Текст статьи Т. Лихановой «Знамя Мира»* впервые был опубликован в газете «Смена» (№ 87-88. 10 апреля 1993. С.1, 3).
Новая публикация статьи сопровождается материалами из архива Интерьерного театра и личного архива Александра Баландина.
*Знамя Мира – символ Пакта Рериха – первого в истории международного договора о защите культурного наследия, устанавливающий преимущество защиты культурных ценностей перед военной необходимостью. Договор был подписан в Вашингтоне представителями двадцати одной страны Северной и Южной Америки 15 апреля 1935 года.
ЗНАМЯ Мира
БЫЛО ПОДНЯТО НАД ПЛАНЕТОЙ КОСМОНАВТАМИ АЛЕКСАНДРОМ БАЛАНДИНЫМ И АНАТОЛИЕМ СОЛОВЬЁВЫМ
Знамя находилось на борту орбитальной станции «Мир» с февраля по август 1990 года и было вынесено в открытый Космос, где совершило 144 витка вокруг Земли.
По возвращении на Землю Александр Баландин приехал в Ленинград для встречи с коллективом Интерьерного театра, инициировавшего и подготовившего для него программу «Космос – Человек – Культура». Было организовано водное путешествие по Неве. На флагштоке над катером развевалось Знамя Мира, побывавшее в Космосе.

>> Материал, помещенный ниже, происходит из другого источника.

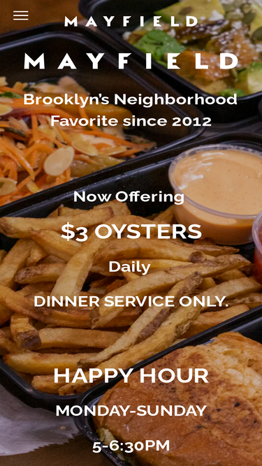 Mayfield is a seasonal American restaurant with a focus on fresh, quality ingredients prepared in a simple yet creative way.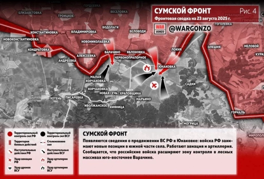 На Сумском направлении фиксируется продвижение ВС РФ в Юнаковке: войска РФ занимают новые позиции в южной части села. Работают авиация и артиллерия. Сообщается, что российские войска расширяют зону контроля в лесных массивах юго-восточнее Варачино.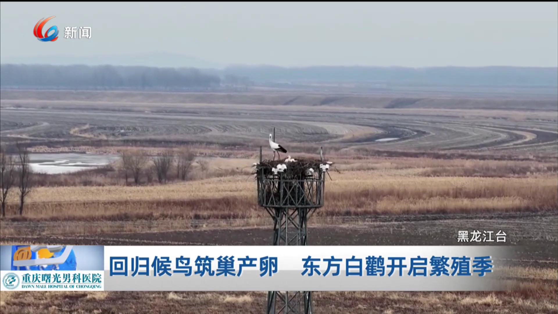 回归候鸟筑巢产卵 东方白鹳开启繁殖季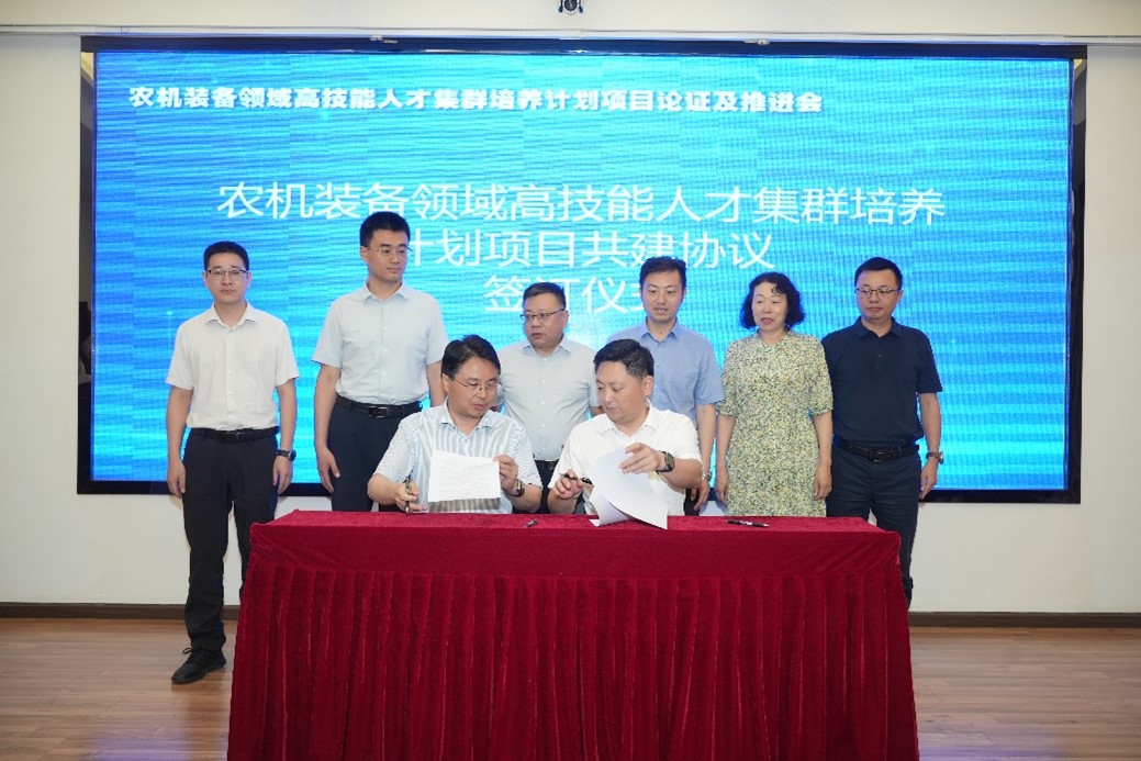 推进会上,简祖平与各参建单位校领导签订了农机装备领域高技能人才集群培养计划项目共建协议,各参建学校将严格按照工作要求,落实各项改革任务,为后续工作的深入开展奠定基础。

Делегация, сопровождавшая космонавта, поднялась на крейсер «Аврора» – и Знамя Мира «закрестило» пушку, давшую залп 25 октября 1917 года.

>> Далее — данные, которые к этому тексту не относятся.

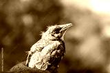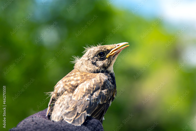 bird chick in hand on green background

Вернувшееся из Космоса Знамя Мира с автографами космонавтов и штемпелем орбитальной станции «МИР» Александр Баландин вручил Интерьерному театру. На пресс-конференции, посвященной итогам театрально-орбитального эксперимента, Николай Беляк передал Знамя Мира председателю комиссии по культуре Ленсовета Глебу Лебедеву, который несколько дней спустя при открытии сессии Ленсовета официально вручил его тогдашнему председателю городского Совета Анатолию Собчаку со словами: «Да будет мир!». Знамя Мира было укреплено на трибуне зала заседаний Ленсовета [Сейчас упомянутый вымпел «Знамя Мира» находится в архиве Санкт-Петербургского Интерьерного театра. — прим. ред].

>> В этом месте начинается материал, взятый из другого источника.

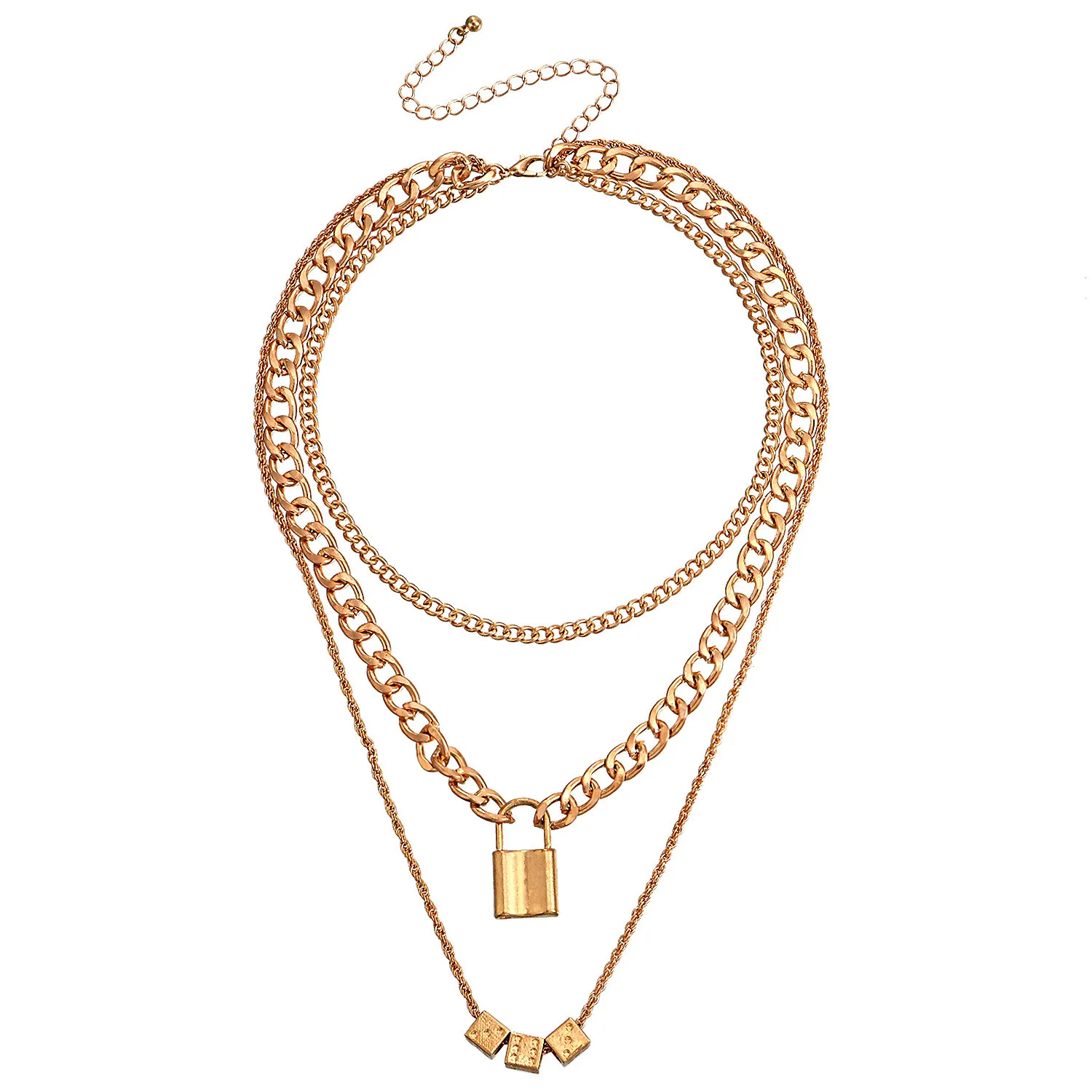 Multilayer Cuban Thick Chain Dice Lock Row Pendant Necklace

У этого события есть и своя предыстория.
19 марта 1988 года в Ленинграде, на Владимирской площади, Интерьерный театр совместно с группой Спасения инициировал и осуществил с помощью театральных средств форум по культуре, получивший название «День горожанина». Форум на площади был задуман как альтернатива проходившей в тот же день сессии «старого» [коммунистического. — прим. ред.] Ленсовета – сессии, на которой органы власти принимали свои решения по вопросам культуры. А на Владимирской площади в это же самое время, впервые объединившись друг с другом, выступали самые разные неформальные организации, выдвигавшие свои программы сохранения и культурного преобразования города. На охраняемом группой Спасения доме №19 было вывешено огромное полотнище с изображением на фоне карты города Знамени Мира. Оно осеняло площадь и служило символом, под которым горожане собрались для решения будущего своей культуры. Это было первое крупное событие в Ленинграде, прошедшее под знаком Знамени Мира.
В октябре 1989 года стяг с Владимирской площади появляется в усадьбе Н. К. Рериха в Изваре – на театрализованном празднике, посвященном Международной Рериховской конференции «Мир через культуру».
Итак, с Владимирской площади – в Извару, из Извары – в Космос, из Космоса – в Ленсовет; от конфронтации власти и живых культурных сил города, собравшихся под Знаменем Мира в 88-м, – до возможности в 90-м вверить городскому Совету символ культуры, прошедший через реальное космическое измерение. С надеждой, что этот путь Знамени Мира послужит залогом столь необходимого для всех единения культуры и власти.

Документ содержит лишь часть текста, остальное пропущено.